[WHAT TO DO]
For the entries below, state how many lines contain the string "were". Add nothing else.

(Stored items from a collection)

===============

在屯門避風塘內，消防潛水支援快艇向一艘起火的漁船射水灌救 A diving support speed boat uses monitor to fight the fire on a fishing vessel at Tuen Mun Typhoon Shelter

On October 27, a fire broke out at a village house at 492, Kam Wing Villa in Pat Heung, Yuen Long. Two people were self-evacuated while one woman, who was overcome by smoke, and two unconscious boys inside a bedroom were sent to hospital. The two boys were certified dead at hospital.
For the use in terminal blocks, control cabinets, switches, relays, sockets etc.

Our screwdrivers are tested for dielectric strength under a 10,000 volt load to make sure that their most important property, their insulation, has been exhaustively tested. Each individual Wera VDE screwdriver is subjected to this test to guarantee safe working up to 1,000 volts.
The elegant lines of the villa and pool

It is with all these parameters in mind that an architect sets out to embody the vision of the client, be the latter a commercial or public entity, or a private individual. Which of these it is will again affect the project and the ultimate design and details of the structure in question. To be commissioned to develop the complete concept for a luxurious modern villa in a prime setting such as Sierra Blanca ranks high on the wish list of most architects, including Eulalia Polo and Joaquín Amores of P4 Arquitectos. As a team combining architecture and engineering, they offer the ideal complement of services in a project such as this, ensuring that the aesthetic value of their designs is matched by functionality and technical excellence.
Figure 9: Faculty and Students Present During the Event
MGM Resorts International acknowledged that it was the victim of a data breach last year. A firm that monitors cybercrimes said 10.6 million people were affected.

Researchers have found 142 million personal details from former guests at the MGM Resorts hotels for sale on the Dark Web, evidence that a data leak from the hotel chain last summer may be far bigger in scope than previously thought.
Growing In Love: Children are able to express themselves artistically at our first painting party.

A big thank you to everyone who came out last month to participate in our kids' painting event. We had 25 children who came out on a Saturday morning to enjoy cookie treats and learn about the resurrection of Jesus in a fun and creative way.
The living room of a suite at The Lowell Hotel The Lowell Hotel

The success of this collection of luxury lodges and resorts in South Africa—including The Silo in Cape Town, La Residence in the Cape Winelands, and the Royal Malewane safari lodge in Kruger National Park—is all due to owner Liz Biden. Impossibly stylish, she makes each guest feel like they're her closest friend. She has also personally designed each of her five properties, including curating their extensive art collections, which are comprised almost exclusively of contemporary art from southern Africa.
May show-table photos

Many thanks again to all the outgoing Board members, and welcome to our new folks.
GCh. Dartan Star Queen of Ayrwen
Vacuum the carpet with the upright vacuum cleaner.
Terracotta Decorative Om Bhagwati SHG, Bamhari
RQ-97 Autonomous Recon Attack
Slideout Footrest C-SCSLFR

===============

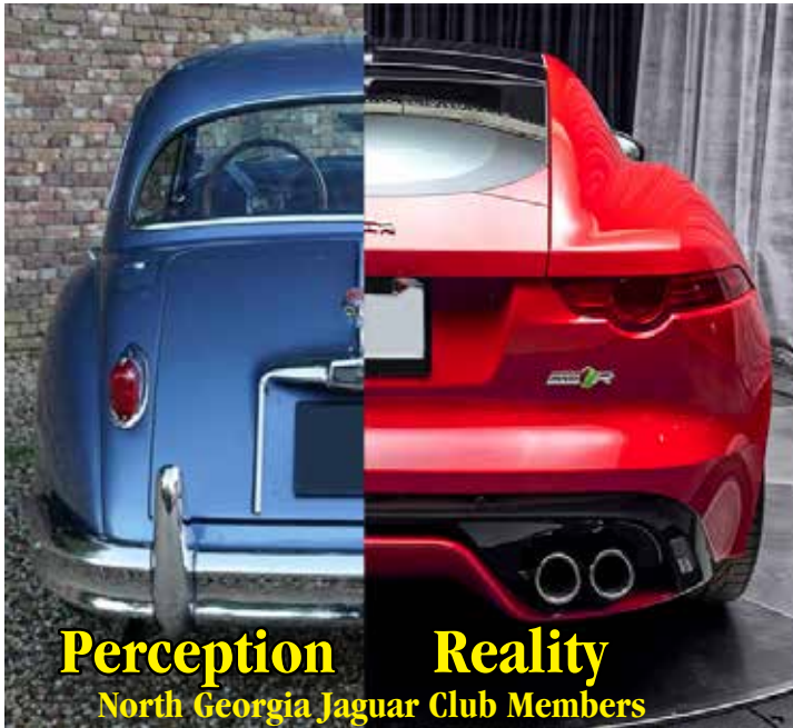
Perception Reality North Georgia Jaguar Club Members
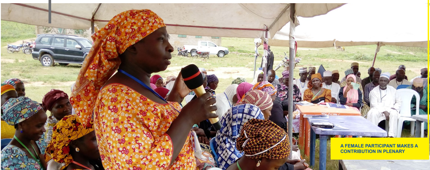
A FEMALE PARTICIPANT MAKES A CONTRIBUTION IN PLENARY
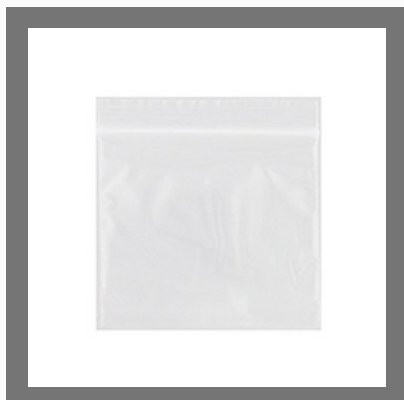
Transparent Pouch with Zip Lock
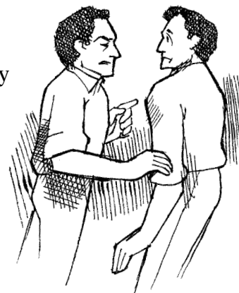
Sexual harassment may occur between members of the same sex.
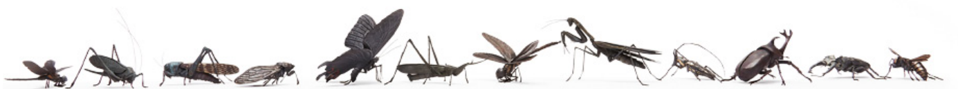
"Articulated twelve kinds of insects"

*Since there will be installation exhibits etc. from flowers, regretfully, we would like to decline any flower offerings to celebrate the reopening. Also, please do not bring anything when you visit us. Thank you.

===============

[WRITTEN RESPONSE]
2